Even at the super low output load of just 21.4W, the efficiency of the TX650 was a reasonably high 62.9%. This is slightly better than the 61% of the VX450W and compares very favorably with the HX620W’s 49.5% efficiency at the same power load. Nearly 82% efficiency was seen at 90W output; the benchmark 80% efficiency probably reached around 75W or 80W. The peak of ~84% was centered at about 300W, and >80% efficiency was maintained, just barely, to full rated 650W output.
2. VOLTAGE REGULATION refers to how stable the output voltages are under various load conditions. The ATX12V Power Supply Design Guide calls for the +12, +5V and +3.3V lines to be maintain within ±5%. At virtually all loads, all the voltages were just about dead on, within a minuscule -0.2V and +0.1V range on the 12V line. The voltage drop during the extreme crossloading test was just as good.
3. AC RIPPLE refers to unwanted "noise" artifacts in the DC output of a switching power supply. It’s usually very high in frequency (in the order of kilohertz or megahertz). The peak-to-peak value is measured. The ATX12V Guide allows up to 120mV (peak-to-peak) of AC ripple on the +12V line and 50mV on the +5V and +3.3V lines. Ripple stayed very low, under 15mv on all lines, until about the 200W output level.

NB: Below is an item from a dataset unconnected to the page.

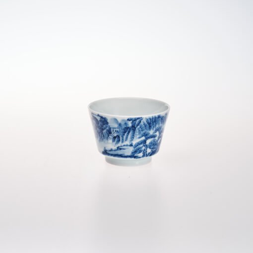 The cup’s body (and interior) features a continuous underglaze blue landscape:

Beyond this point, it increased in direct proportion to power putput, and reached a fairly high 94 mV on the 12V line at full load. This is still less than the maximum 120 mV ripple recommended by ATX12V. The higher than expected ripple may be related to our sample’s thermal behavior.
4. POWER FACTOR is ideal when it measures 1.0. In the most practical sense, PF is a measure of how "difficult" it is for the electric utility to deliver the AC power into your power supply. High PF reduces the AC current draw, which reduces stress on the electric wiring in your home (and elsewhere up the line). It also means you can do with a smaller, cheaper UPS backup; they are priced according to their VA (volt-ampere) rating. PF on this sample was excellent thanks to the active power factor correction
circuit, staying at or very close to the theoretical maximum of 1.0.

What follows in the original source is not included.